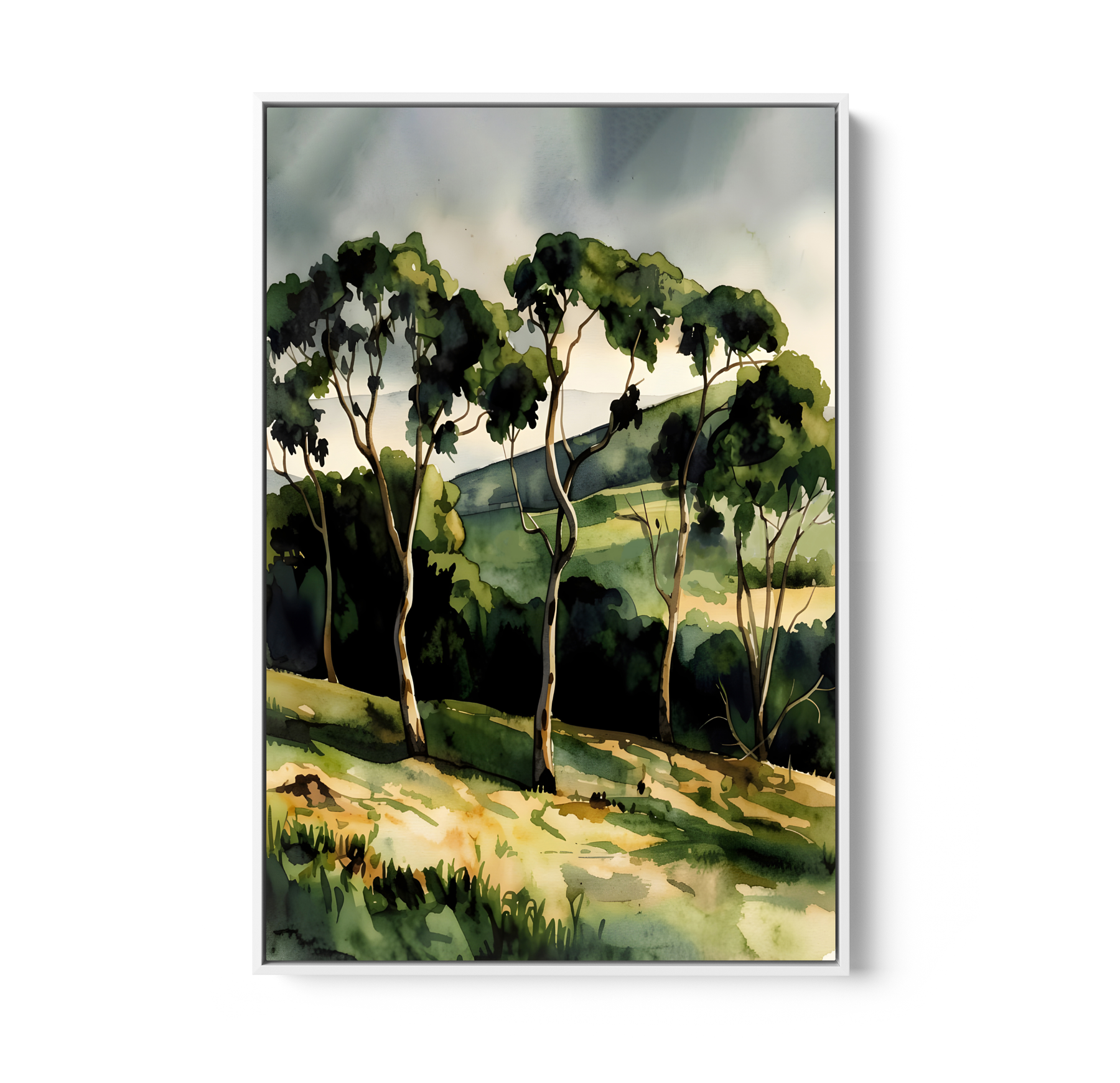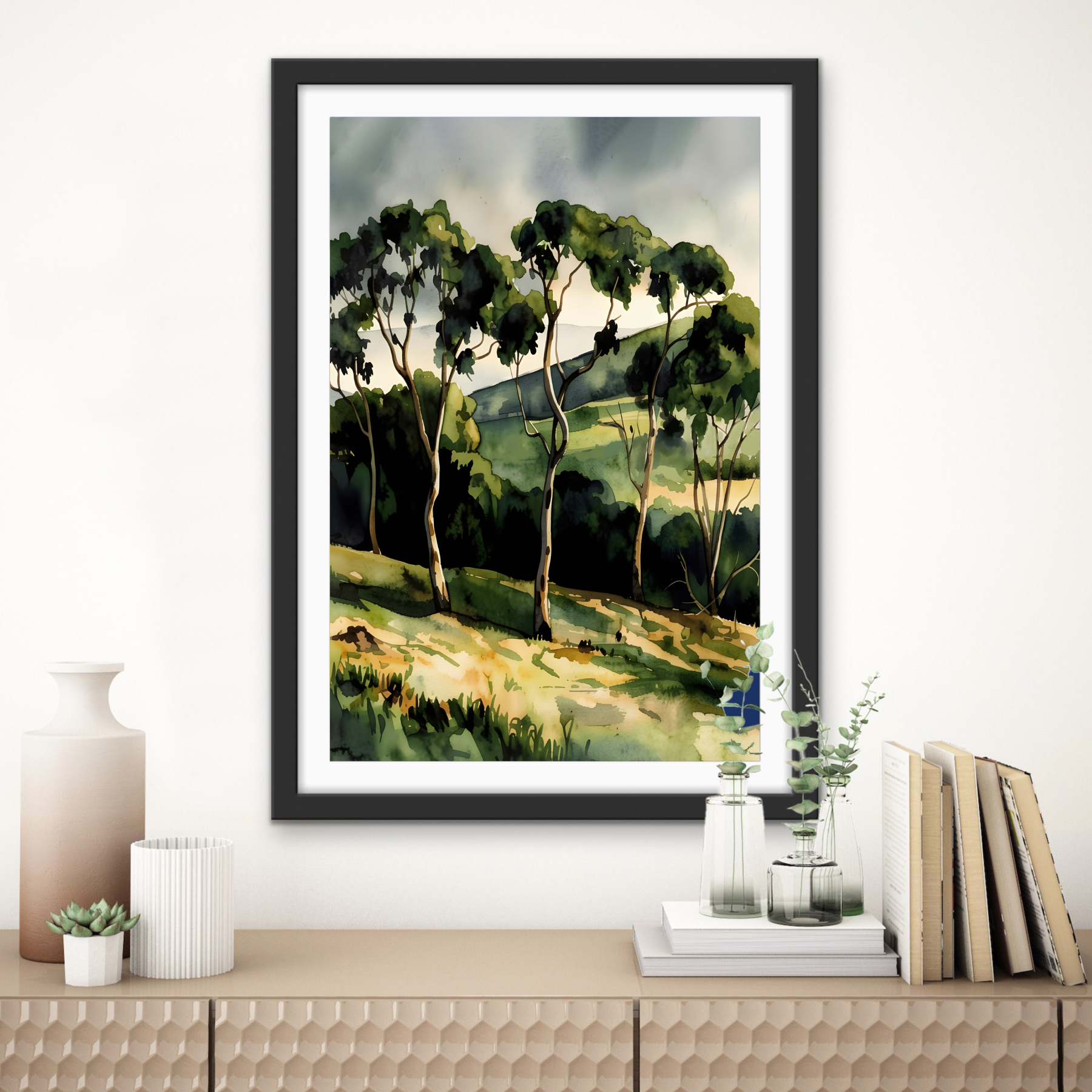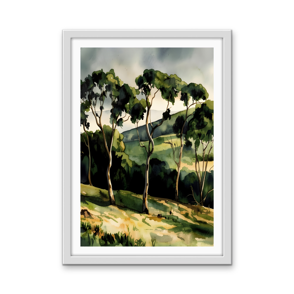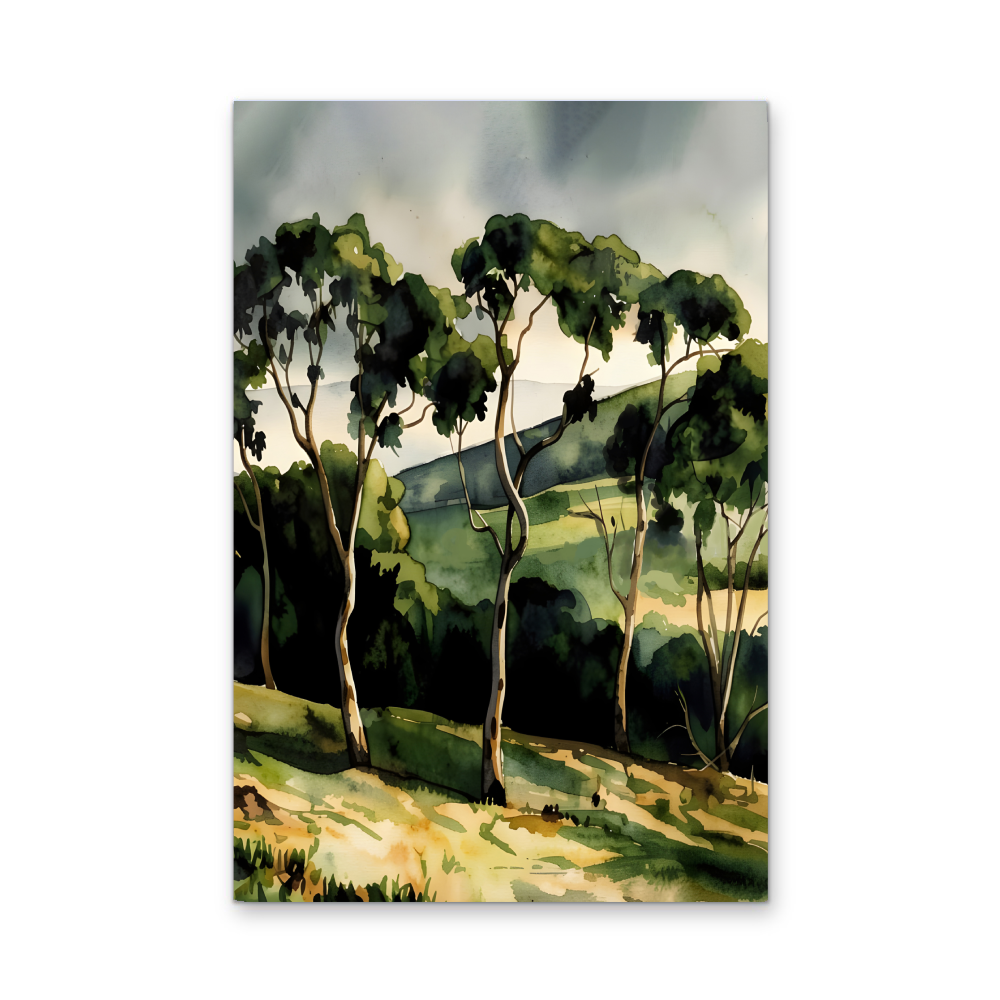 A gorgeous waterercolour-style artwork featuring the rich tones of an Australian country landscape after rain.
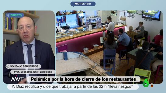 Más Vale Tarde conecta con Gonzalo Bernardos, que en el vídeo sobre estas líneas analiza la polémica de Yolanda Díaz sobre la hora de cierre de los restaurantes. En este sentido el economista opina que ha sido "un error importante, porque no todo lo que hace Europa está bien y lo que hacemos nosotros está mal".
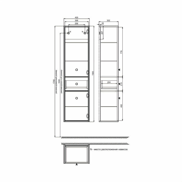 Шкаф-пенал Iddis Cloud 40х150 CLO40W0i97 правый
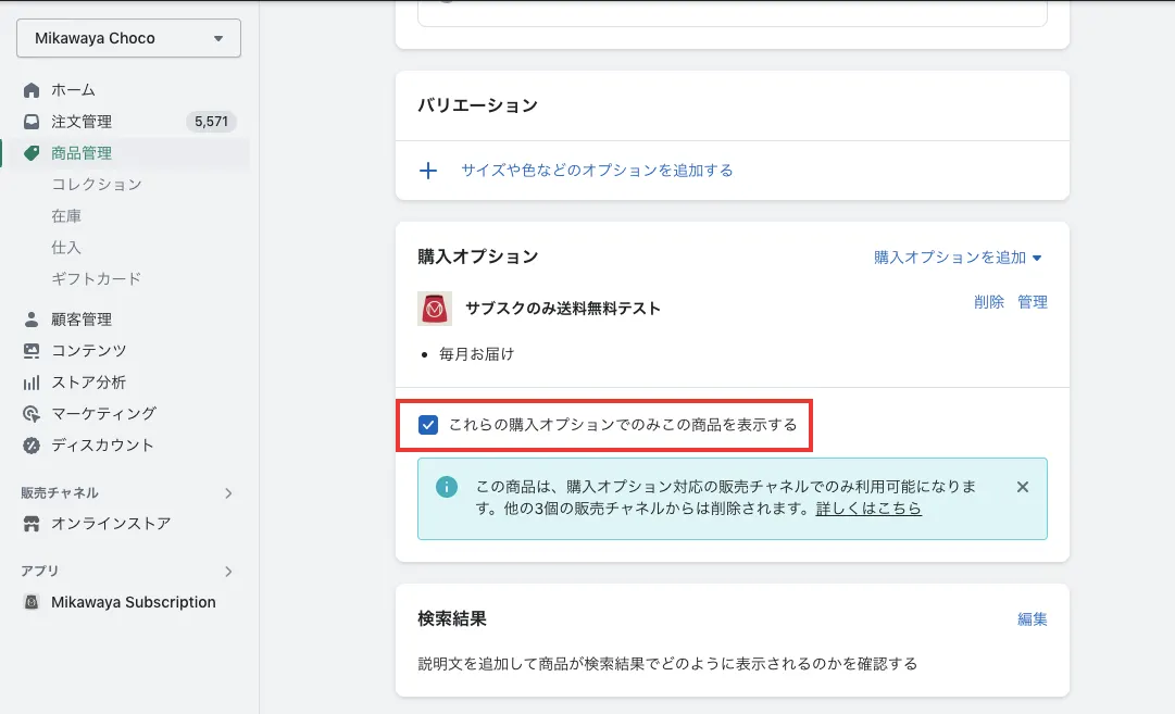 Shopify商品管理画面からサブスクリプショングループを紐付ける場合
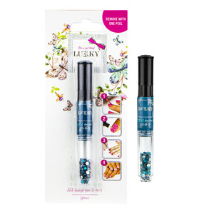 Lak na nehty Lukky 2-v-1 obsahuje lak (6 ml) a třpytky (1,5 g). K odstranění laku není potřeba odlakovač. Lak jde jednoduše sloupnout. Lahvičku nelze vylít. Výrobek je vhodný pro děti od 3 let.
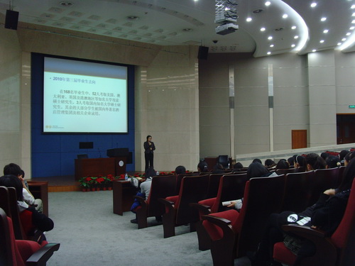 10 月 2 6 日,TUC-FIU 合作学院在图书馆国际报告厅举行了 2011 级酒店管理新生专业教育讲座。合作学院院长王文君博士、学院党总支副书记辛佳澎老师及其他相关老师参加此次讲座,从不同角度为 11 级新生解读专业,为新同学树立专业信心。
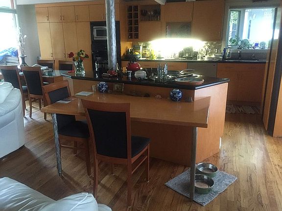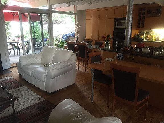 A California-style ranch with loads of light from the multiple skylights and extra large added windows. Contemporary open floorplan with granite-topped island in the great room that combines the kitchen, a breakfast area and living room. Formal dining room looking out on a patio. Two fireplaces. Beautiful landscaping with sizable back yard and fenced area with dog house.
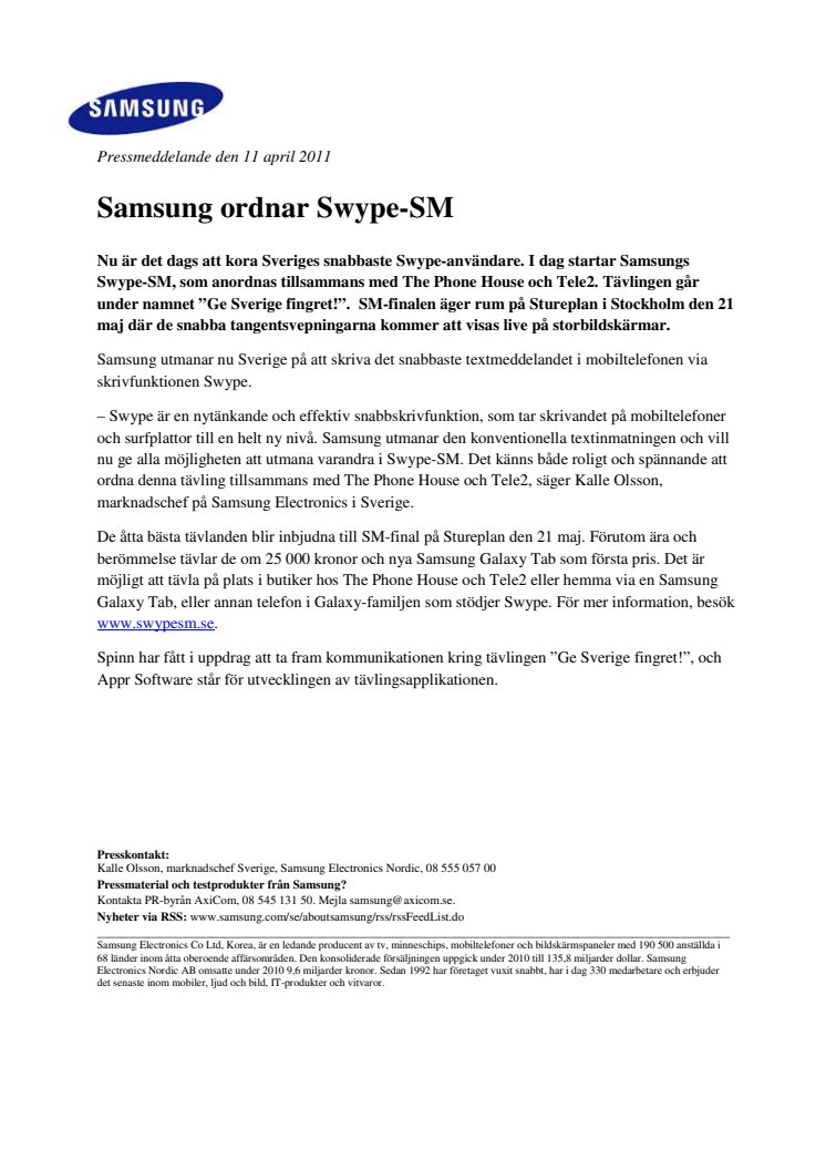 Nu är det dags att kora Sveriges snabbaste Swype-användare. I dag startar Samsungs Swype-SM, som anordnas tillsammans med The Phone House och Tele2. Tävlingen går under namnet ”Ge Sverige fingret!”. SM-finalen äger rum på Stureplan i Stockholm den 21 maj där de snabba tangentsvepningarna kommer att visas live på storbildskärmar.
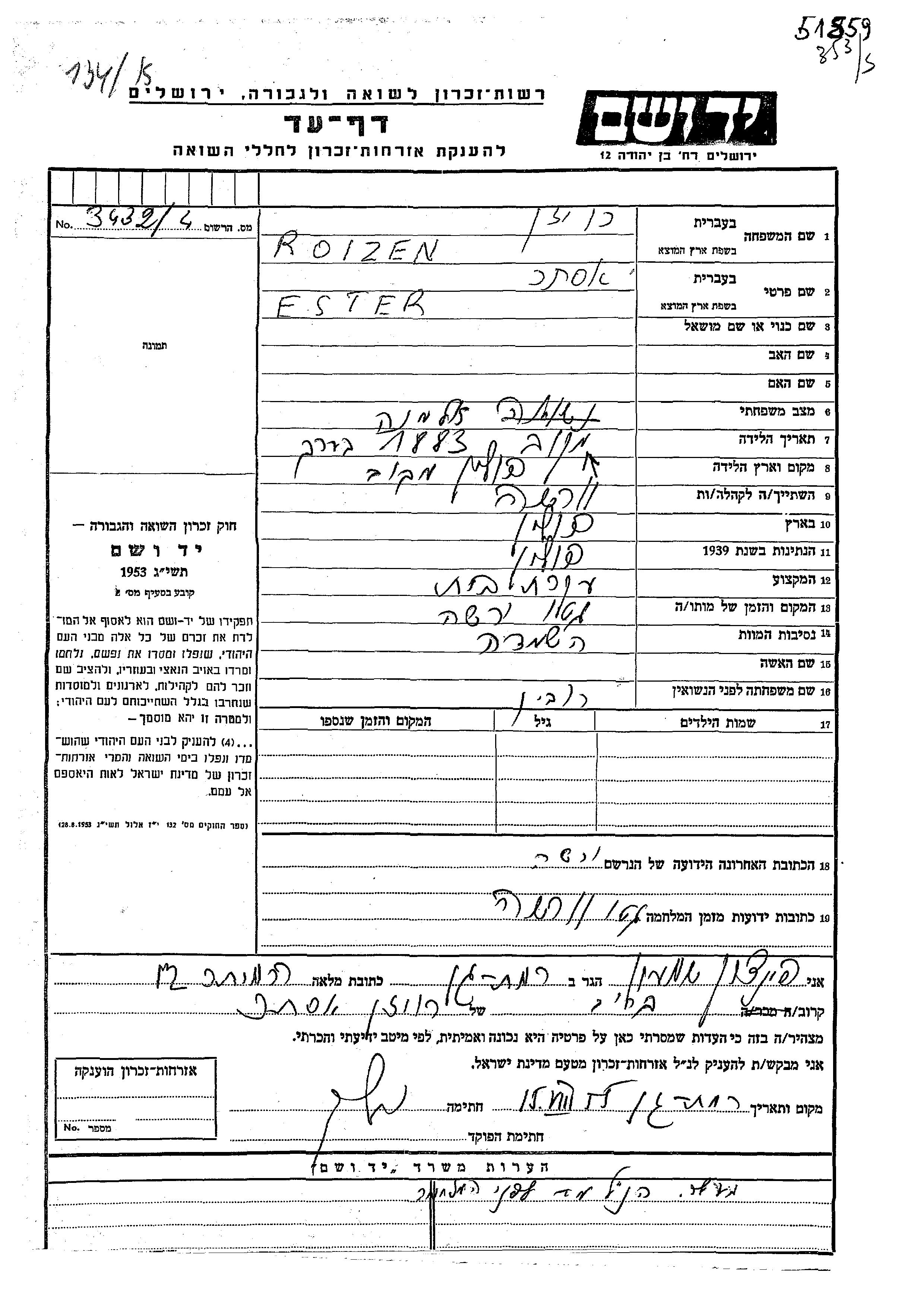 Эстер Ройзен, место рождения: Польша. Домохозяйка. Место жительства до войны: Варшава, Польша. Место во время войны: Варшава, Польша.
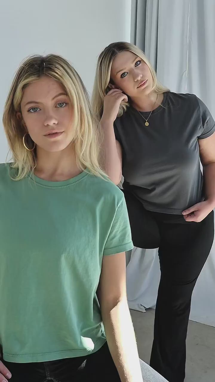 Introducing the ultimate throw-on-and-go cropped tee. This effortless crew neck tee is crafted from ultra-soft, lightweight cotton jersey fabric, and finished with a salt wash for that worn-out appearance. With its crop length hitting just below the waist, it's designed to flatter and elevate any outfit. Say hello to your ticket to paradise with The Montauk Tee.
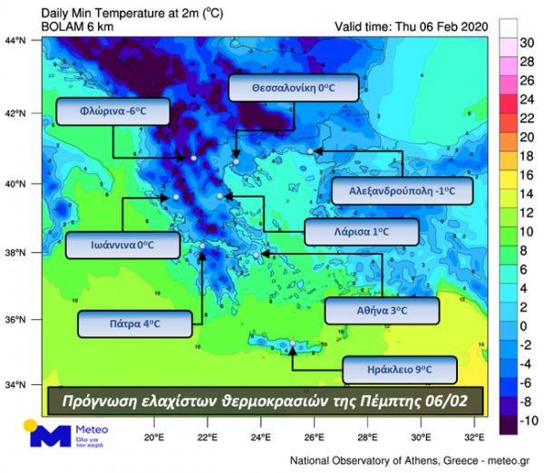 Η θερμοκρασία θα συνεχίσει την πτώση της σε όλη τη χώρα, φτάνοντας στην ελάχιστη τιμή της την Πέμπτη ή τις πρώτες ώρες της Παρασκευής . Στο χάρτη που ακολουθεί φαίνεται η κατανομή της ελάχιστης θερμοκρασίας που αναμένεται την Πέμπτη καθώς και την τιμή της σε 8 μεγάλες πόλεις της χώρας. Σημειώνεται ότι στις περισσότερες περιοχές η ελάχιστη θερμοκρασία θα σημειωθεί προς το τέλος του εικοσιτετραώρου.
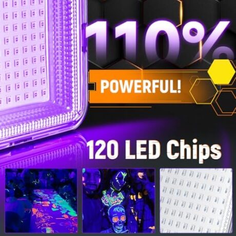 Rechargeable 5000mAh LED Black Light, 120 UV led, IP65 Waterproof & Magnetic, Long Runtime Ultraviolet Light for Neon Glow Party, Halloween, UV Posters, Body Paint, Fluorescent Art, Outdoor Use
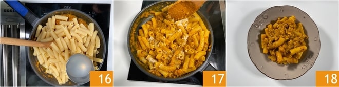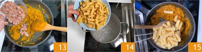 Ajoutez la saucisse à la purée de potiron et mélangez 13. Faites cuire les tortiglioni 14, égouttez-les al dente et transférez-les directement dans la poêle avec la sauce 15.
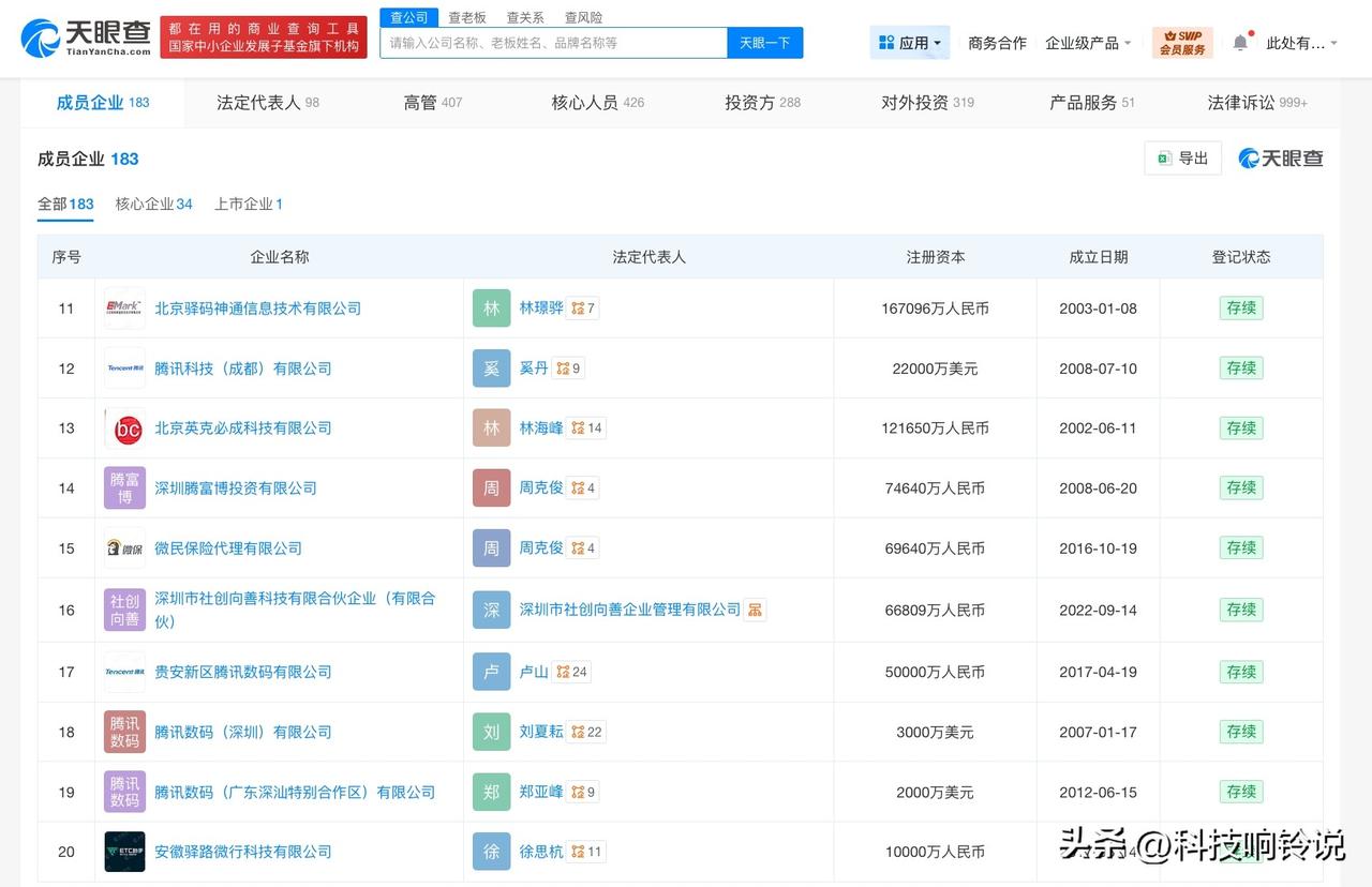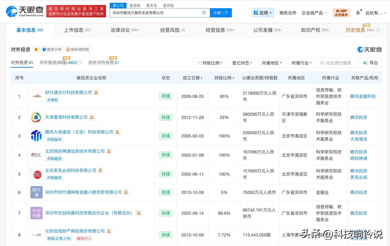 【腾讯商业版图盘点 腾讯旗下公司涉及多个行业】腾讯发布2025年财报 据媒体报道,3月18日,腾讯控股发布2025年第四季度及全年财报,Q4营收1943.7亿元,同比增长13%;全年营收7517.7亿元,同比增长14%。 天眼查工商信息显示,腾讯关联公司深圳市腾讯计算机系统有限公司成立于1998年11月,法定代表人为马化腾,注册资本6500万人民币。股东信息显示,该公司由马化腾、张志东、陈一丹、许晨晔共同持股。对外投资信息显示,该公司直接持股40余家企业,其中30余家为存续状态,包括财付通支付科技有限公司、腾讯大地通途(北京)科技有限公司、北京驿码神通信息技术有限公司、北京英克必成科技有限公司等。 天眼查显示,除上述企业外,腾讯旗下还关联腾讯科技(深圳)有限公司、腾讯云计算(北京)有限责任公司、腾讯影视(深圳)有限公司等,版图涉及科技、金融、传媒等多个行业。 天眼查信息:

● ● ● ●

PROMPT:
"Rechargeable 5000mAh LED" marks the first line to copy, and "Ajoutez la saucisse" marks the last. Repeat that stretch above exactly, with no pictures.

WRITTEN ANSWER:
 Rechargeable 5000mAh LED Black Light, 120 UV led, IP65 Waterproof & Magnetic, Long Runtime Ultraviolet Light for Neon Glow Party, Halloween, UV Posters, Body Paint, Fluorescent Art, Outdoor Use
 Ajoutez la saucisse à la purée de potiron et mélangez 13. Faites cuire les tortiglioni 14, égouttez-les al dente et transférez-les directement dans la poêle avec la sauce 15.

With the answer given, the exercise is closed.